No visit to the land of "wherever you go, there you are" would be complete without considering one of C. P. Cavafy's best-known poems:
The City
You said: "I'll go to another country, go to another shore,
find another city better than this one.
Whatever I try to do is fated to turn out wrong
and my heart lies buried like something dead.
How long can I let my mind moulder in this place?
Wherever I turn, wherever I look,
I see the black ruins of my life, here,
where I've spent so many years, wasted them, destroyed them totally."
You won't find a new country, won't find another shore.

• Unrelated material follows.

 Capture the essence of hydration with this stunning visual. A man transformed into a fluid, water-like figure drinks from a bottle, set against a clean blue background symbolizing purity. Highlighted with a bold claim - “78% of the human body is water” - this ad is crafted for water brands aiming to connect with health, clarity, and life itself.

This city will always pursue you.
You'll walk the same streets, grow old
in the same neighborhoods, turn gray in these same houses.

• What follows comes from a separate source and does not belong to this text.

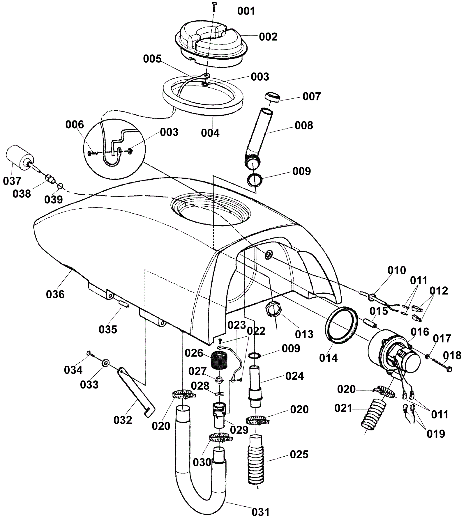Recovery tank drain hose |
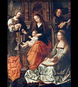 Isabel und Fernando mit der Heiligen Helena un der heiligen Barbara

You'll always end up in this city. Don't hope for things elsewhere:
there's no ship for you, there's no road.
Now that you've wasted your life here, in this small corner,
you've destroyed it everywhere in the world.

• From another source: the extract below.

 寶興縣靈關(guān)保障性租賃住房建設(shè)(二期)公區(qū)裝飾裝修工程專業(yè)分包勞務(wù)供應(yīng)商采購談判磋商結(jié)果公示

C. P. Cavafy, Collected Poems (translated by Edmund Keeley and Philip Sherrard) (Princeton University Press, 1992).
You have to give Cavafy credit: he doesn't mince words, does he?
On the other hand, one could look at another of his poems - "Ithaka" - and find, if not a way of escape from "the black ruins of [your] life," at least a potential way of living that saves you from false hopes. But I'll save "Ithaka" for another time.